Work task. Below are some entries. Transcribe the lines from the one holding "Durch den Architekten" to the one holding "ZBrush素材100款墙壁地面损坏裂纹裂缝破损ZBP笔刷Alpha纹理贴图", inclusive, but not the pictures among them.

Information shown.

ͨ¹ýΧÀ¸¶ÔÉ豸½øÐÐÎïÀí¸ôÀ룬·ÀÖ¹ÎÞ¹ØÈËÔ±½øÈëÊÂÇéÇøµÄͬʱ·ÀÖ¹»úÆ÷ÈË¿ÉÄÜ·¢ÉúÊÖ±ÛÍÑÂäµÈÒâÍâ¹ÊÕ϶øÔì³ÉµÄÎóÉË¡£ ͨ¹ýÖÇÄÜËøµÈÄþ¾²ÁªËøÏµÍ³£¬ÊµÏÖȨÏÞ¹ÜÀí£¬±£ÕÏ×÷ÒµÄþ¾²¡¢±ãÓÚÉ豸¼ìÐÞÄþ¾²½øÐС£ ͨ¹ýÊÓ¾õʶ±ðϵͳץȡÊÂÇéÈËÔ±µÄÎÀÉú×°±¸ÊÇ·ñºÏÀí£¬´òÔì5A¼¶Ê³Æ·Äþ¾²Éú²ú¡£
==
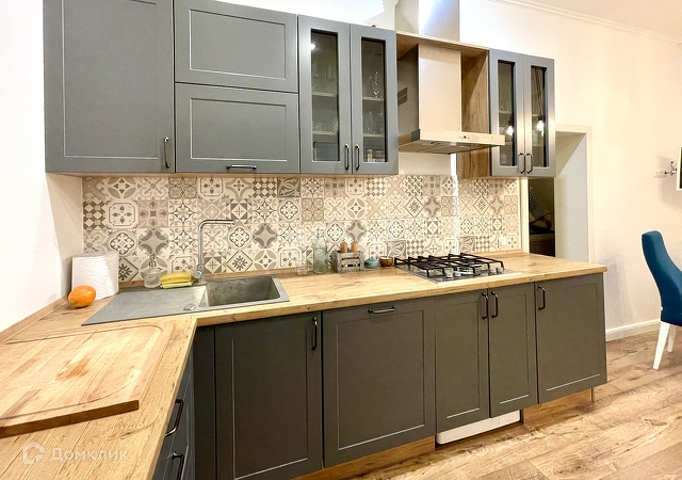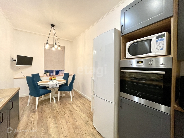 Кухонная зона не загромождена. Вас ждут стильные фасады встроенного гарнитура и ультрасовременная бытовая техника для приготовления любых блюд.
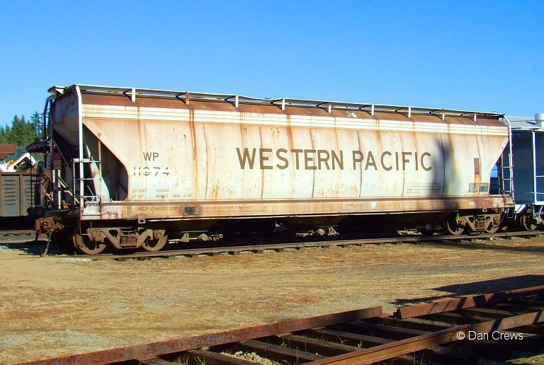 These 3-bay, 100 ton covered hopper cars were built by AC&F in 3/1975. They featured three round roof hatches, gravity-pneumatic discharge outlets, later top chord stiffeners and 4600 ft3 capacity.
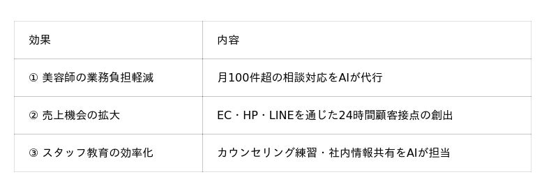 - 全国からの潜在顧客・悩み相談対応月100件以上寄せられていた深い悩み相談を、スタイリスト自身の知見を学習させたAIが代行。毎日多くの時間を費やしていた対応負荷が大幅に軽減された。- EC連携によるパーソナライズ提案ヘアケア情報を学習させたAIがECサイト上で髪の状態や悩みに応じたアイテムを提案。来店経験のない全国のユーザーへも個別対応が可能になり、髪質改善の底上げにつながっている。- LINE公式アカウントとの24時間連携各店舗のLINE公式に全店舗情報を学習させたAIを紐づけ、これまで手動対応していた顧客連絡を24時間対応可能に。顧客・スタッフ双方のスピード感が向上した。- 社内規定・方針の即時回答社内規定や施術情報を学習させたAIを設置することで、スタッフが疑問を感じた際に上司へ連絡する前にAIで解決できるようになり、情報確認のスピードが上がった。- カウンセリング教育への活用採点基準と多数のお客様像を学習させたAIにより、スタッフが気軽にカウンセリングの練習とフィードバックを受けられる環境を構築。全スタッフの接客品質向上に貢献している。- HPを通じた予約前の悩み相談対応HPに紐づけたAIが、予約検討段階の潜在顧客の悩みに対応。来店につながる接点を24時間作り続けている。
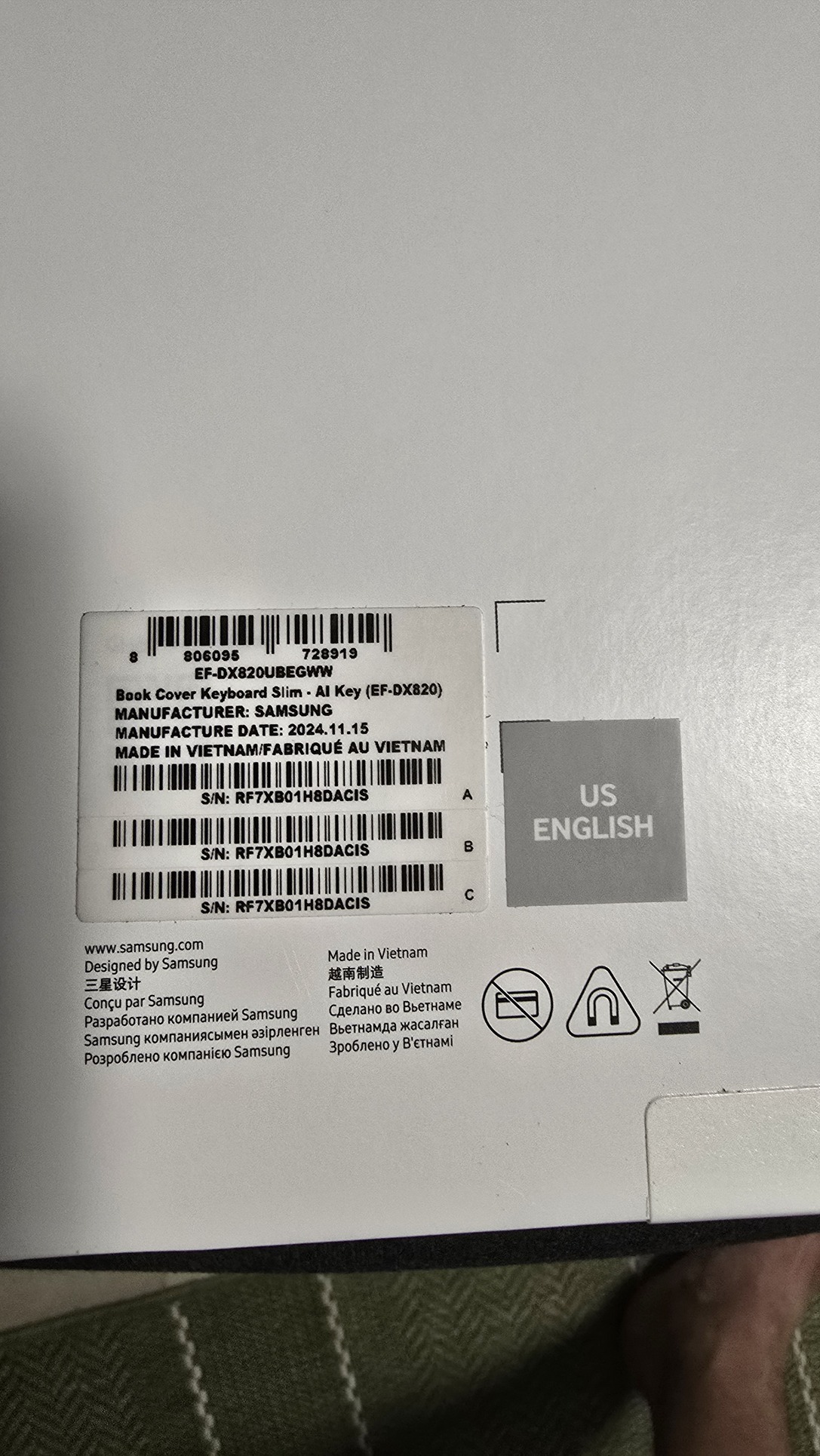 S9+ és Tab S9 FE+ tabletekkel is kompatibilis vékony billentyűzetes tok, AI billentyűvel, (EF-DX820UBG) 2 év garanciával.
* * *
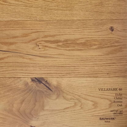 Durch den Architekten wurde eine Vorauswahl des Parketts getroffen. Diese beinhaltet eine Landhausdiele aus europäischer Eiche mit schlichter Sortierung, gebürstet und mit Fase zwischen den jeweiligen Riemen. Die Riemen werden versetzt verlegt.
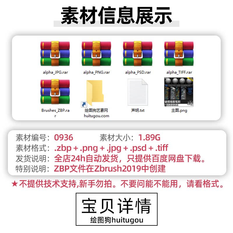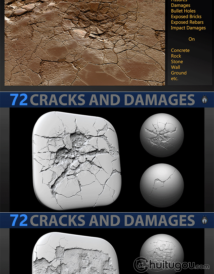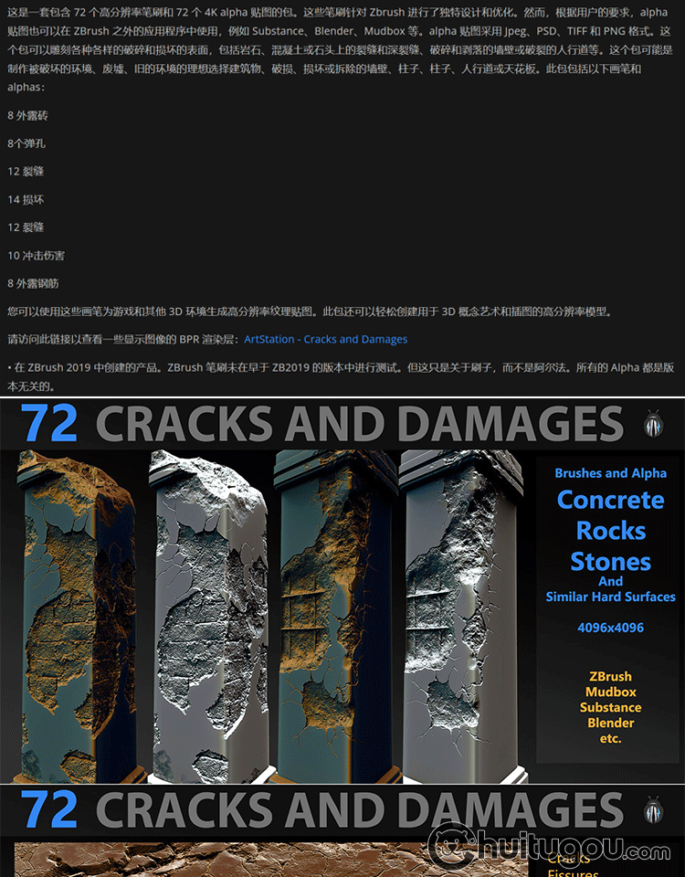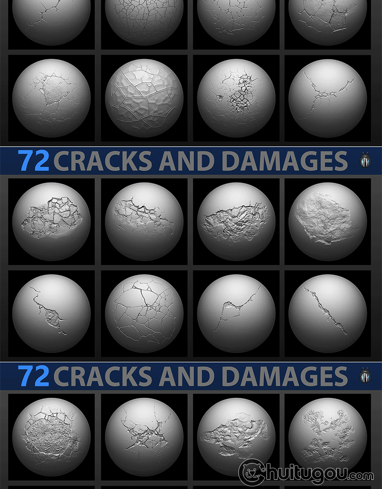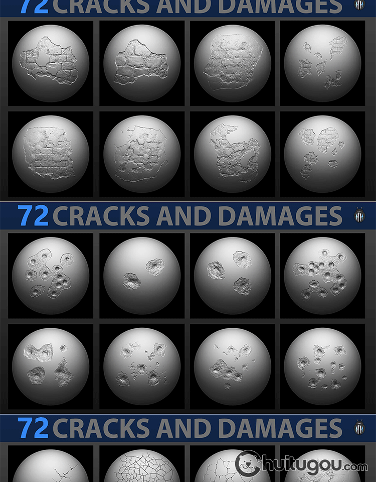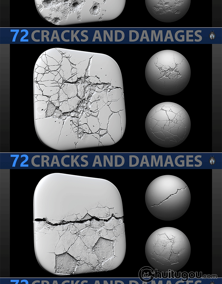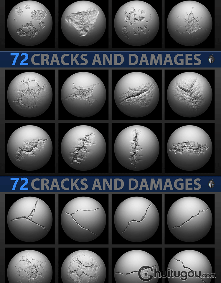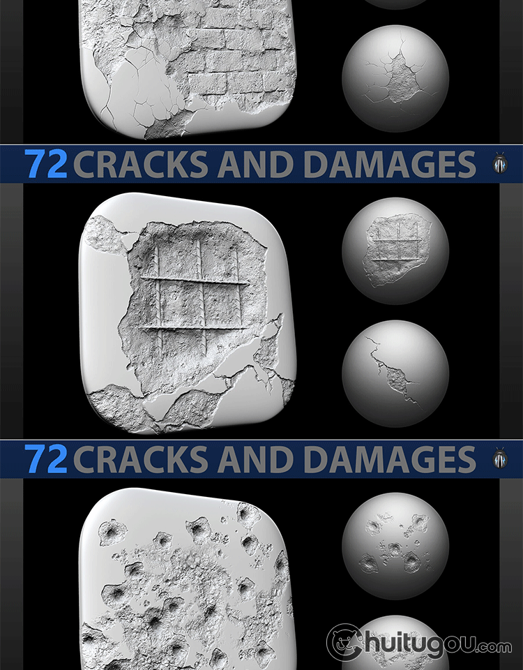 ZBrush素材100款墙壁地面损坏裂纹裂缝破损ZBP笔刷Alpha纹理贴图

Answer space.
 Durch den Architekten wurde eine Vorauswahl des Parketts getroffen. Diese beinhaltet eine Landhausdiele aus europäischer Eiche mit schlichter Sortierung, gebürstet und mit Fase zwischen den jeweiligen Riemen. Die Riemen werden versetzt verlegt.
 ZBrush素材100款墙壁地面损坏裂纹裂缝破损ZBP笔刷Alpha纹理贴图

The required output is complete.